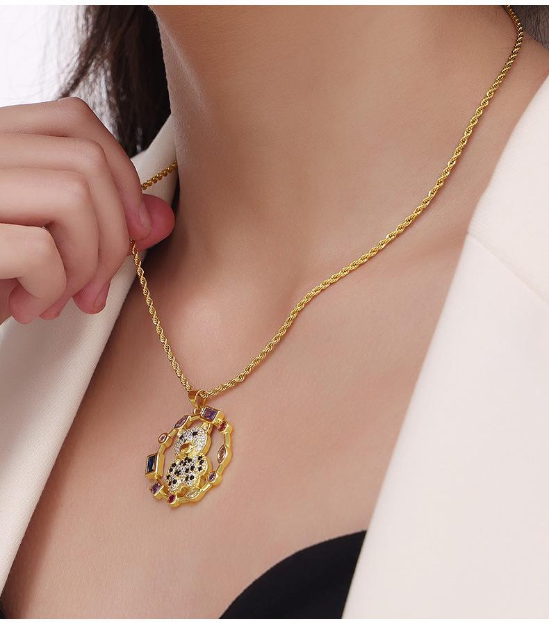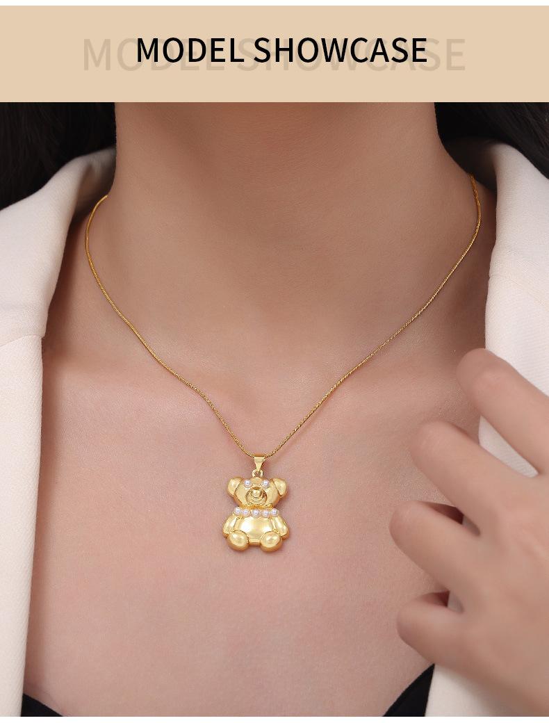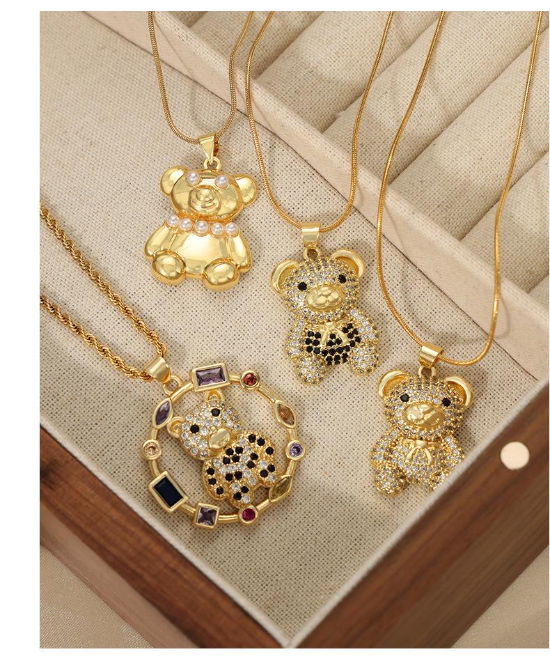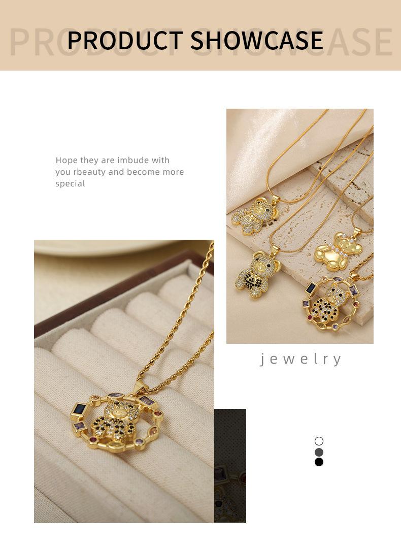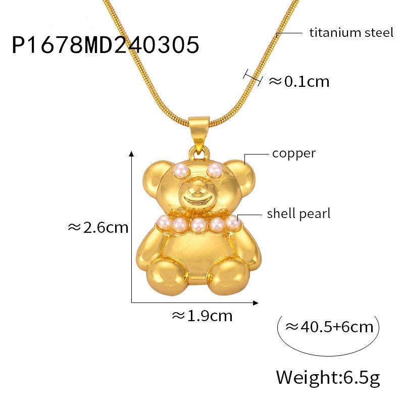 Joyería simple de dibujos animados personalizada estilo coreano Colgante de cobre con diseño de oso de diamante Cadena de serpiente Acero de titanio Collar chapado en oro
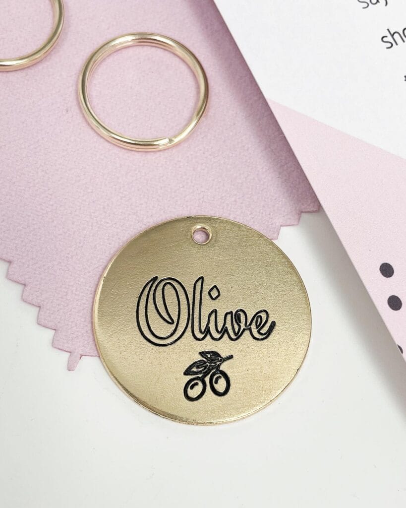 This brass-toned circular pet ID tag is engraved with the name “Olive” in a flowing script font, paired with a hand-drawn olive branch illustration underneath. It comes with a split ring attachment and sits around 1.25 inches in diameter — small enough not to weigh down her collar, big enough to read at a glance.
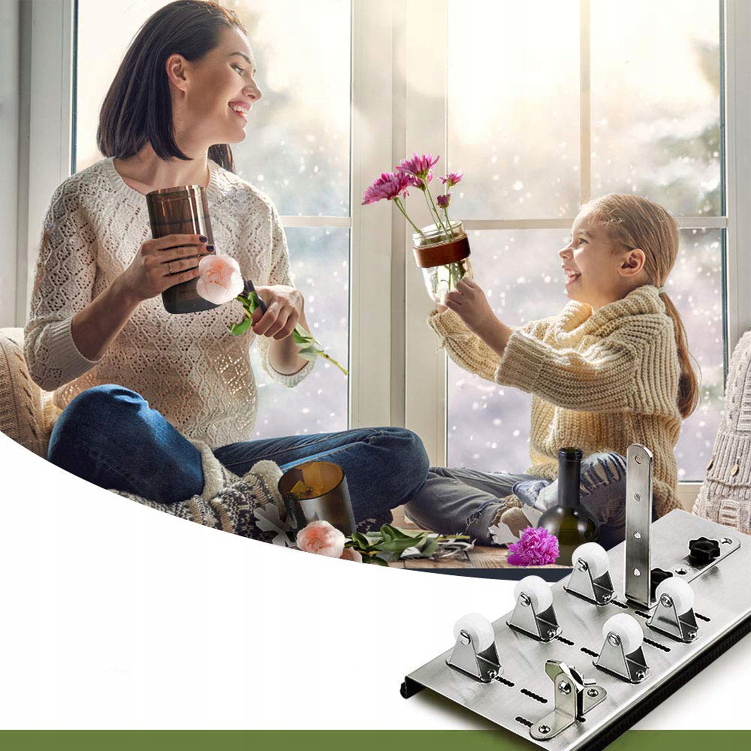 【Регулируемая и простая в использовании】: и банки, с самой простой системой регулировки; Строительство включает в себя 5 опорных колес, которые лучше стабилизируют бутылку, обеспечивая более точный разрез. Каждый раз. Затем стеклянная бутылка автоматически разделена. Гладкий нож не повредит вашу руку, в то же время он идеально разрезает бутылку.
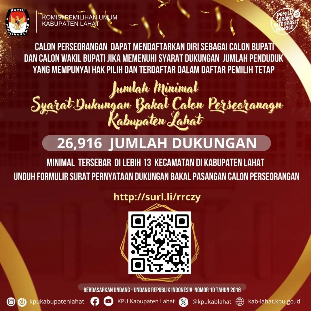 JUMLAH MINIMAL SYARAT DUKUNGAN BAKAL CALON PERSEORANGAN KABUPATEN LAHAT Senin, 18 Maret 2024 07:00 684 Calon Perseorangan dapat mendaftarkan diri sebagai Calon Bupati dan Calon Wakil Bupati jika memenuhi syarat dukungan jumlah penduduk yang mempunyai hak pilih dan terdaftar dalam pemilih tetap Baca Selengkapnya
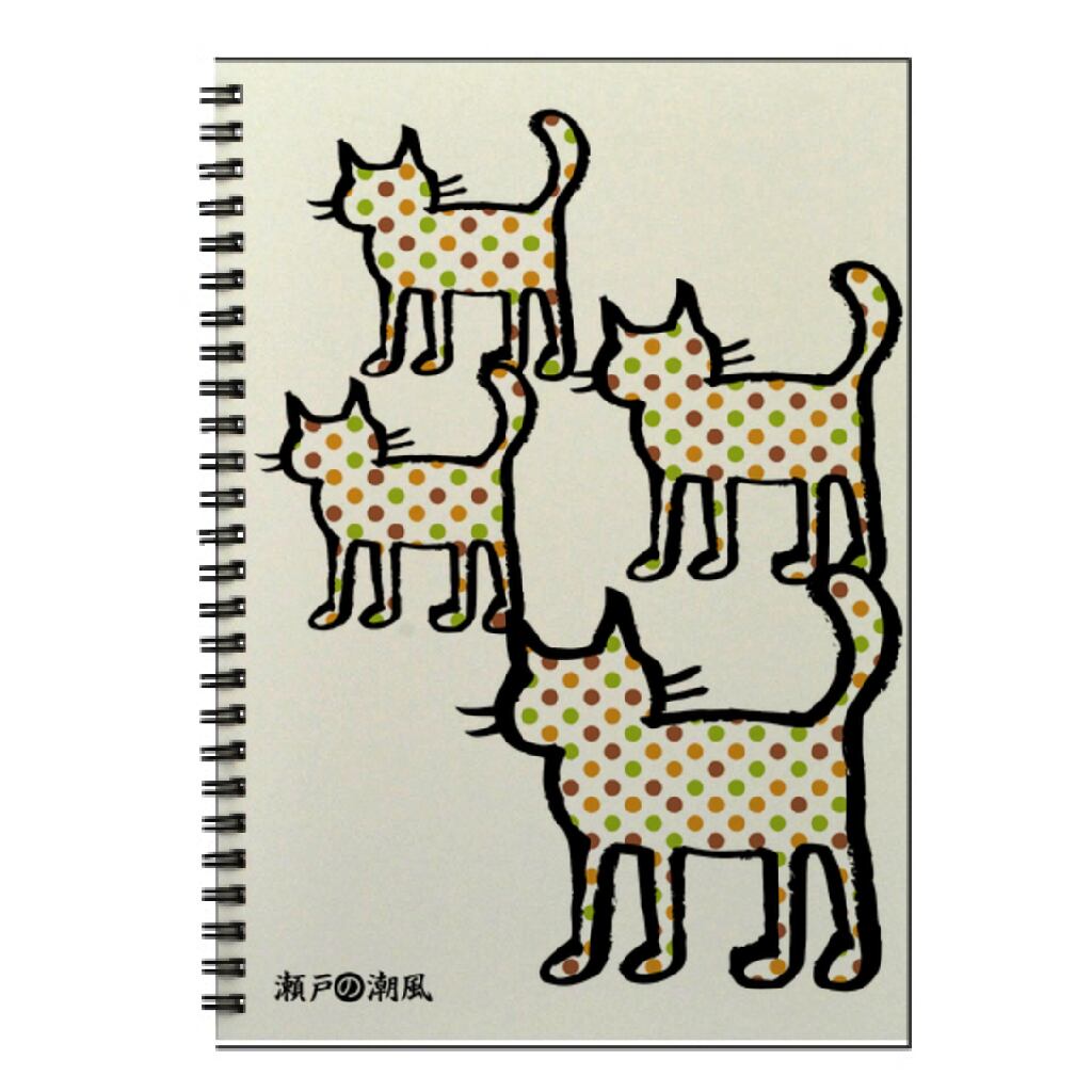 水玉模様の入ったシルエットの猫がデザインされた表紙のリングノートです。
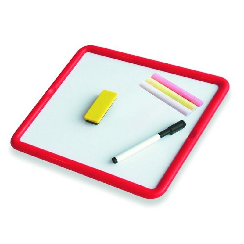Set pizarra metálica de 30 x 26 cm. La cara blanca se utiliza con el rotulador, la cara negra con las tizas. Ambas caras pueden utilizarse con las letras y números magnéticos de nuestra colección.
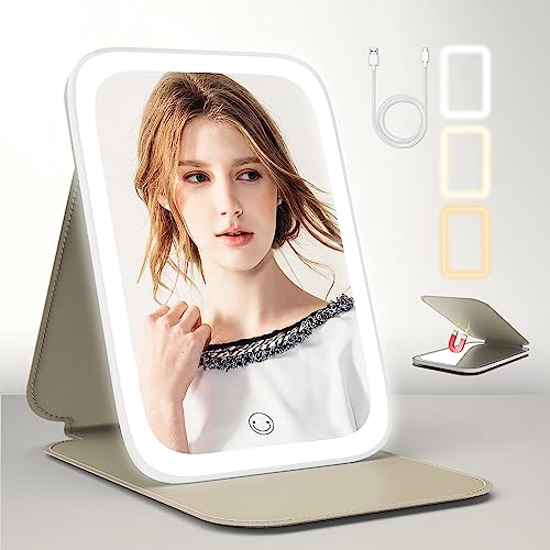 ■Tekstap ライト付きミラー、革のケース メイク 鏡 ライト付き、持ち運びに便利 折りたたみミラー LED 化粧鏡、3色モード 明るさ調節可能
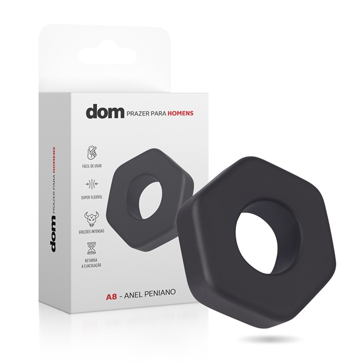 O A8 é um anel peniano ideal para homens que desejam manter uma ereção prolongada e aguentar por mais tempo uma maratona de sexo sem perder seu estilo. Este anel é feito de silicone macio e flexível, ele se ajusta facilmente à base de seu pênis e também pode ser usado para prender o escroto, mostrando assim sua versatilidade. Não deixe de experimentar
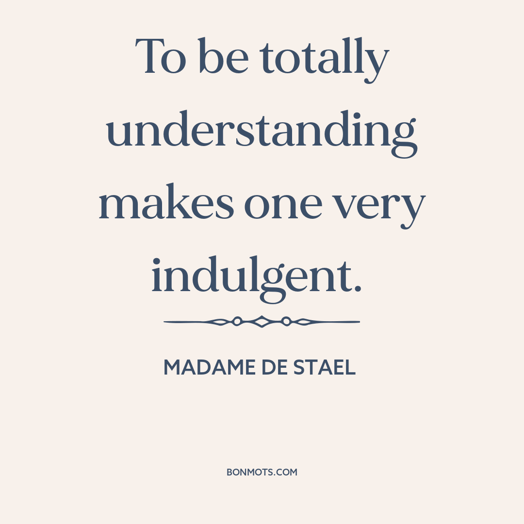 To be totally understanding makes one very indulgent.
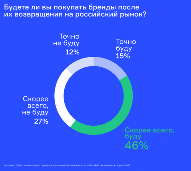 Большинство россиян сомневаются насчёт возвращения к покупке товаров ушедших брендов в случае их возвращения: скорее будут покупать 46%, точно будут — 15%, скорее всего, не будут 27%, а ещё 12% уверены, что откажутся от продукции компаний.
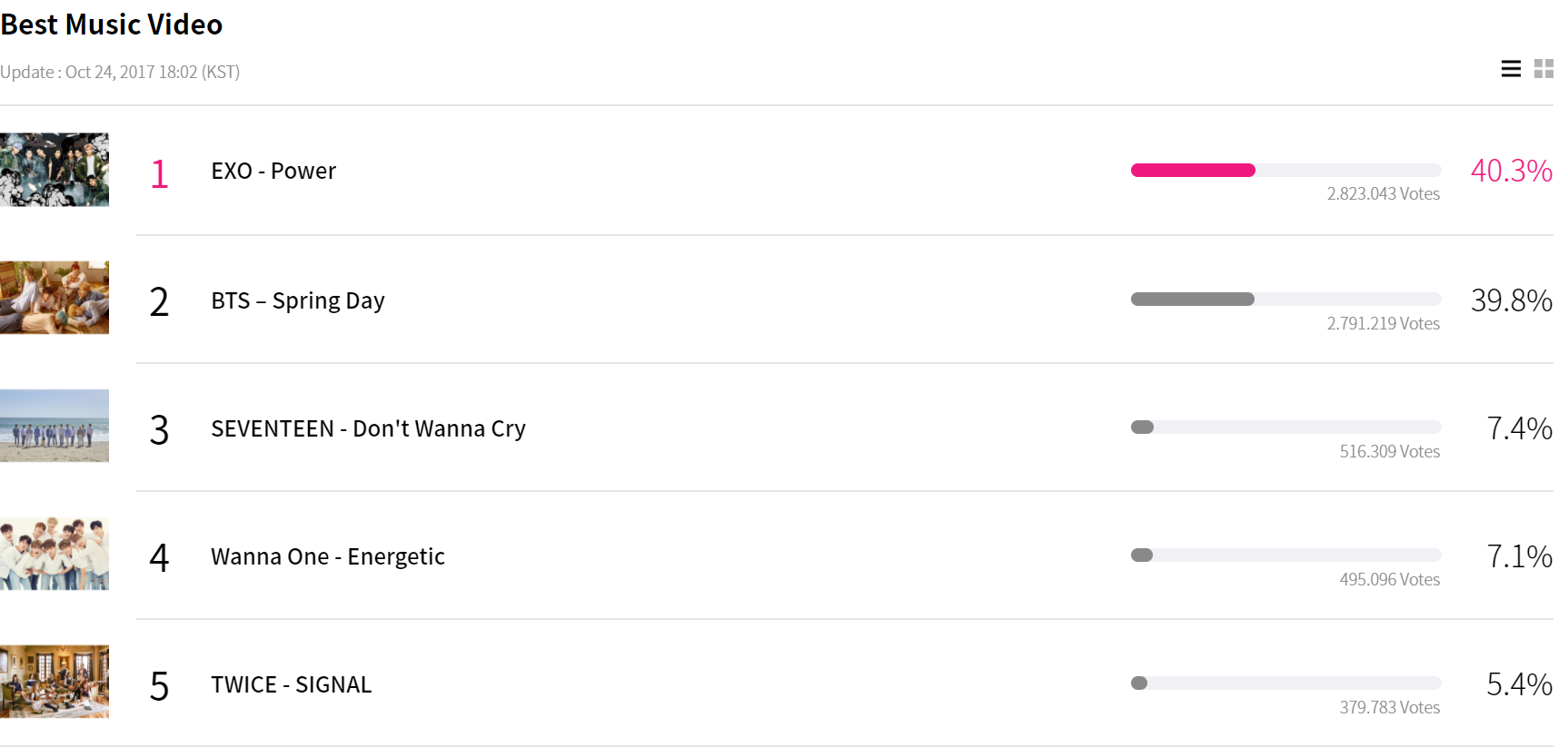 Dù chỉ là giải phụ nhưng MV xuất sắc nhất vẫn là “danh dự” của các fan nên hạng mục này cũng không kém phần quyết liệt.

☆ ☆ ☆

Return exactly, and only, the lines that run from the line containing "To be totally" to the last line of the entries above, both ends included, with pictures left out.

 To be totally understanding makes one very indulgent.
 Большинство россиян сомневаются насчёт возвращения к покупке товаров ушедших брендов в случае их возвращения: скорее будут покупать 46%, точно будут — 15%, скорее всего, не будут 27%, а ещё 12% уверены, что откажутся от продукции компаний.
 Dù chỉ là giải phụ nhưng MV xuất sắc nhất vẫn là “danh dự” của các fan nên hạng mục này cũng không kém phần quyết liệt.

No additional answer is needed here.